I absolutely adore my family, and I will drop just about anything to attend a family get together, but I especially look forward to the annual family Christmas dinner at my mom and dad's house, which happened on December 11th this year.
The Wheaton Family Christmas (2005 edition) was exactly like any other of the always-awesome Wheaton Family Christmas gatherings, with one exception that was so painful, I wrote an essay about it for Salon.com called The Real War on Christmas, which is excerpted on the flip . . .
This year it looked as though it would be a typical family gathering. But that all changed when I walked through the living room on my way to get some eggnog. I asked my younger sister, who was flipping through the channels on the television, what she was looking for.
"I'm trying to find Court TV," she said.
"Why?" I said.
"Because the governor is supposed to announce whether he is granting clemency for Tookie Williams at 3 p.m.," she said.
I was surprised to hear she cared, because my sister has always been pretty nonpolitical. "I don't think he will grant clemency...," I began to say. But before I could add, "because he's going to try to win back his hardcore base with this," she spat at me, "He'd better not!"
My sister was a death-penalty proponent? That was news to me. I didn't want to upset the family gathering, so I decided to just let this one go.
"OK," I said, "I guess we'd better not talk about this."
But just then, my father walked into the room.

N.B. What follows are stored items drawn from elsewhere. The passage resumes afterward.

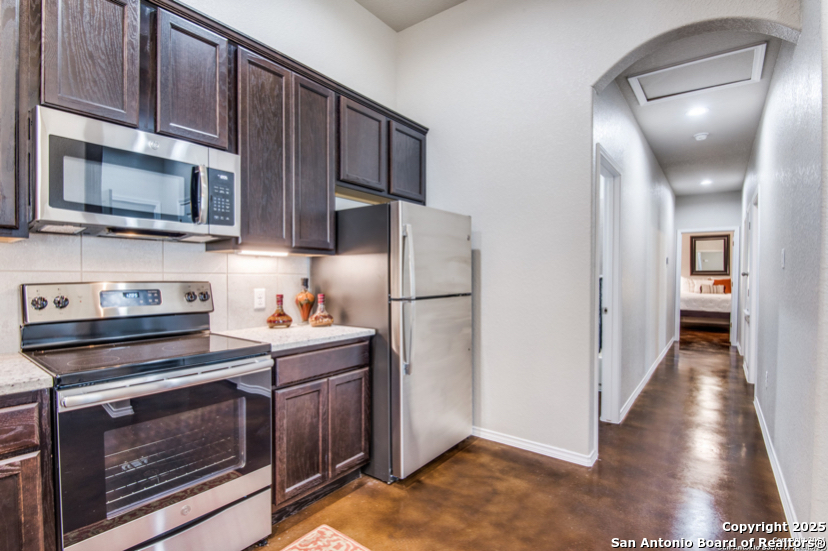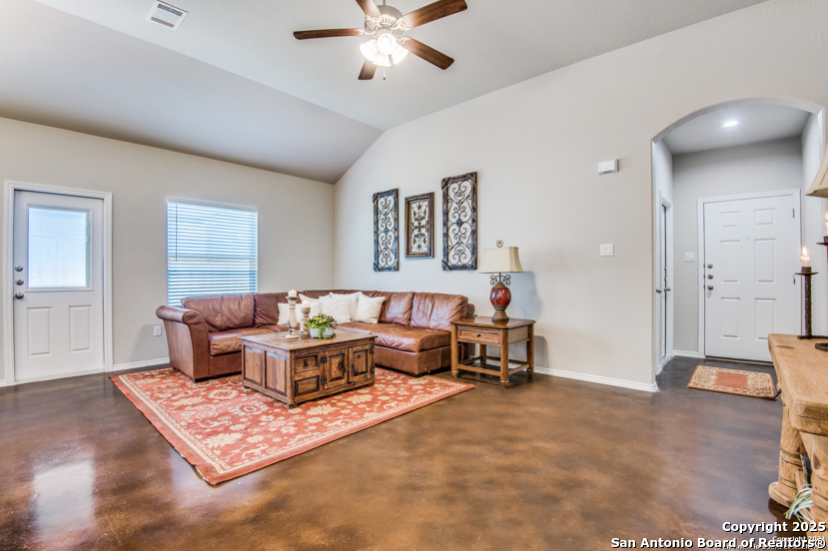 Rental Rates: $1245 for a 12 month lease or $1195 for a 15 month or longer lease. Beautiful duplex in Seguin with convenient location as it is located 30-minutes from San Antonio and 20-minutes from New Braunfels. This Luxury duplex has a spacious and contemporary design. Enjoy the lofted living space with 11 ft. high ceilings in the living room and kitchen. Concrete stained flooring throughout the home. This home does not have any carpet! Open kitchen with recessed lighting, granite countertops, 42 inch cabinets, and backsplash lighting. Stainless Steel appliances included as well as refrigerator. Window blinds included. Ceiling fans in all three bedrooms, living room, and back covered patio. Fully fenced back yard & a two car garage ready for your use. NO PETS. Move in ready today!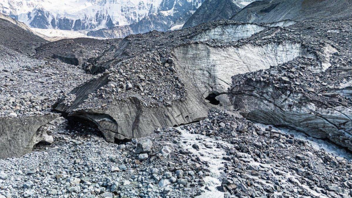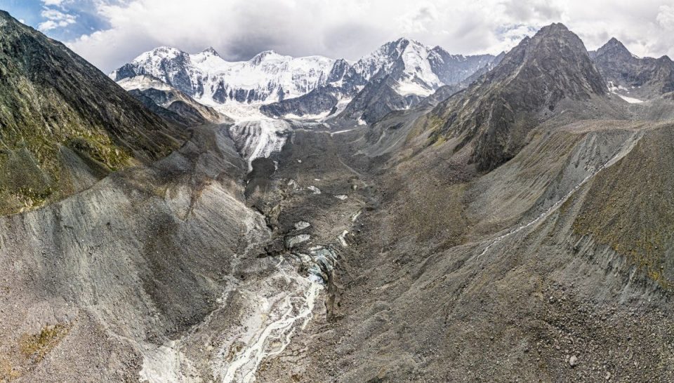 A drone’s-eye view from the glacier looking toward Akkem Lake: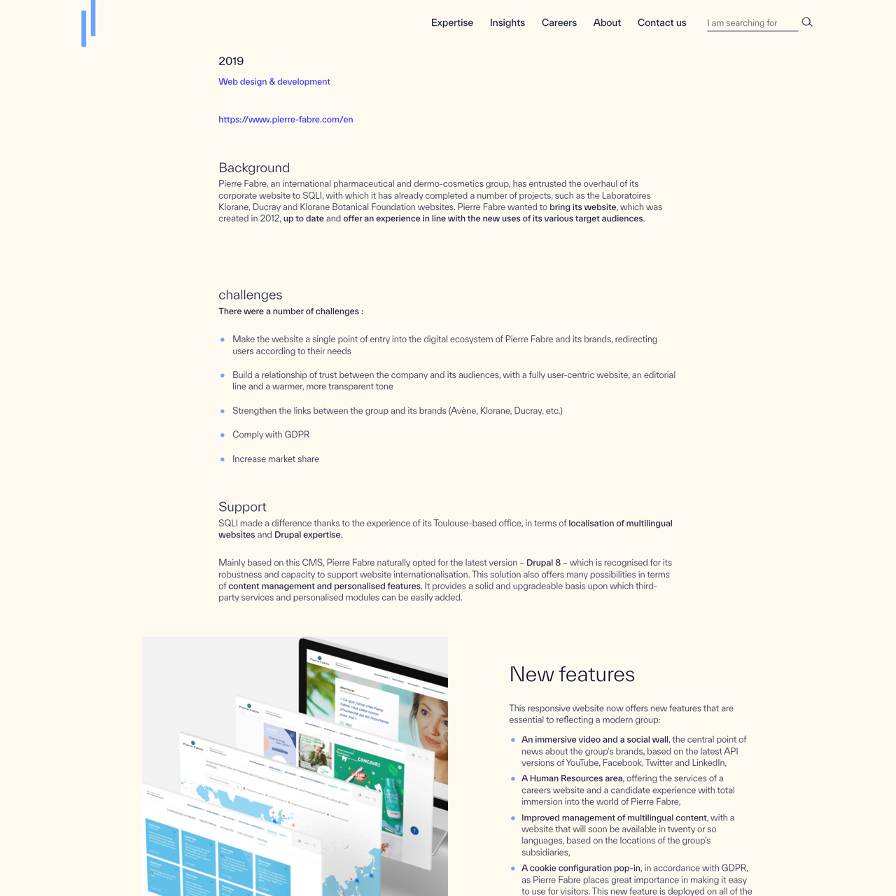 Pierre Fabre entrusted SQLI with revamping its corporate website to align with its brand identity and target audiences. The project aimed to enhance employer branding, user engagement, and digital presence across France and overseas. SQLI leveraged Drupal 8's robust capabilities to create a multilingual platform, ensuring seamless navigation for global users while maintaining a trustworthy, transparent experience. Key features included personalized content, improved user pathways, and compliance with GDPR regulations. The result was a modern, cohesive website that strengthened brand loyalty and drove market growth. The overhaul also reinforced connections between Pierre Fabre's core brands (Avène, Klorane, Ducray) and their respective audiences through a unified digital experience.

"Wil thinks Tookie Williams shouldn't be executed," she said.
Oh boy.
"What?" My dad said. Not to my sister, to me.
Here we go.
"Well," I said, "I don't believe in the death penalty, so..."
You know those optical illusion drawings, where you're looking at a smiling man, then suddenly he's become a werewolf? Faster than you could say "Fox News," my dad was screaming at me, Bill O'Reilly-style.
"... an eye for an eye and a tooth for a tooth! He killed four..." he stabbed at the air with four fingers on his left hand, "four people in cold blood and deserves! to! die!"
I briefly made eye contact with my stepson, Nolan, who sat just behind my father on my parents' couch. His face flushed and he quickly looked away. My sister had stopped her channel surfing on a shopping network, and he looked awfully interested in putting a sapphire ring on easy-pay. While my dad continued to scream about biblical vengeance, I went into shock. Just minutes earlier, we'd stood together outside on the deck and laughed with each other as he congratulated me for a great finish I'd had the previous day at a poker tournament in Las Vegas. In fact, I'd cut my trip short, specifically so I wouldn't miss the family Christmas.
What a difference five minutes makes. While he screamed at me, I wanted to ask, "Who are you, and what have you done with the man who raised me to be tolerant, patient, peaceful and charitable?" Instead, I said, as calmly as I could, "Dad, I just don't believe in the death penalty. It is unevenly applied to poor people, and clearly doesn't work as a deterrent..."
"It doesn't work as a deterrent because they allow these scum to stay alive for 25 years before they give them what they deserve!" I hadn't seen my dad this angry since I was a sophomore in high school and my friends and I woke up my mom after midnight one night because we got a little worked up in a Nintendo game of "Blades of Steel."
"Dad," I said, "living in prison for 25 years isn't anything to be happy about..."
"Like hell it isn't!" he bellowed. "They get satellite television, and weights, and free meals, and jobs, and a library..."
"And raped, and beaten by guards, and sold as slaves by prison gangs," I said. "That really sounds good to you? Because it sounds like a pretty lousy life for violent criminals, which is exactly what they deserve."
He violently shook his head at me and drew a deep breath. "The victims' families get to watch that animal die! If they don't get to watch him die, how can they get the closure they deserve?" Before I could reply, and he could launch into another round of talking points, I was unintentionally saved by my brother, who called our dad to come outside and help him with the turkey on the barbecue.
He turned quickly, and stormed out of the room, followed by my sister.
I have to make something excruciatingly clear: I don't only love my dad, I
like my dad, and I love being with him and my mom whenever I get the chance. I talked to my dad before this essay was published, because I didn't want him to be blindsided by it, and he told me that he was proud of me for writing it, and having it published in a prestigious publication like Salon.
I have been loudly criticized by my fellow lefties for suggesting that prisoners "deserve" to be raped while incarcerated -- I do not feel that way, and I blame a poor choice of words for causing that confusion. I don't believe prisoners "deserve" any of the misery they endure in prison, but I do believe that they deserve to be there if they've been correctly convicted of a crime. In fact, prison is the best place for violent people who are a threat to the rest of our society.
This essay is less about a political disagreement with my father than it is about the current state of political discourse in the USA, and really isn't about the merits of the death penalty. I get the sense that most people understand this, but for the few who don't, (including some idiot who left a comment at Salon where he called my dad all sorts of names) I wanted to be crystal clear.
And, despite The Great Eye For An Eye Explosion of 2005, I'm meeting my parents for dinner and games tomorrow night at their house, with my siblings and my wife, and I can't wait.